Hein Boshoff lodged a complaint with the SA Human Rights Commission asserting that Van Graan’s statements were derogatory to the LGBTIQ+ community.
Now, more than two and half years later, the SAHRC has responded to his complaint, finding that Van Graan was constitutionally entitled to express his vitriol.
In a letter dated 24 April 2023, the Commission confirmed it had investigated the matter but concluded: “that the Facebook post in question is potentially hurtful and offensive but does not constitute incitement to hatred or harm and is thus protected by the right to freedom of expression.”
The SAHRC said “the post in question is not desirable and ignorant, however it does not meet the requirement for hate speech as contemplated by the law,” and urged Boshoff to report it to Facebook.
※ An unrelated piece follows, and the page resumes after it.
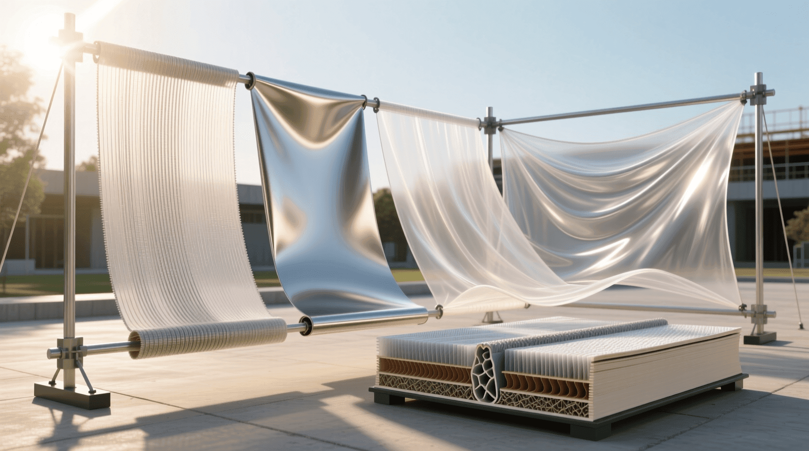 建筑膜材主要有三种:PTFE膜、PVC膜和ETFE膜。它们各有特点,适用于不同的场合。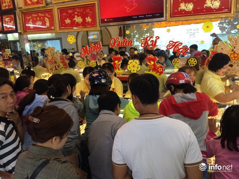 Những tiệm vàng có thương hiệu tấp nập khách mua vàng sáng mùng 10 tháng Giêng. |

“Based on the above, the Commission will proceed to close your file accordingly,” concluded the SAHRC. It’s unclear why it took so long to complete the investigation.
Boshoff told MambaOnline that he was disappointed at the outcome but did not regret complaining to the SAHRC, asserting that “we need people to stand up for our community.”
He argued that while freedom of speech is important, Van Graan’s post could harm vulnerable young people who are struggling to come to terms with their sexuality or their gender identity.
Boshoff stated that many teenagers still commit suicide because of the prejudice they face, and that Van Graan’s message could lead to further rejection by parents and others.
The SAHRC’s decision not to pursue Boshoff’s complaint stands in contrast to its recent action against singer Steve Hofmeyr. The Commission took Hofmeyr to the Equality Court over anti-LGBTIQ+ comments he made, and he ultimately settled out of court, issuing an apology to the community and agreeing to pay compensation to an LGBTIQ+ organisation.
The SAHRC’s decision is likely to fuel debate about the balance between freedom of expression and the need to protect vulnerable communities from harm.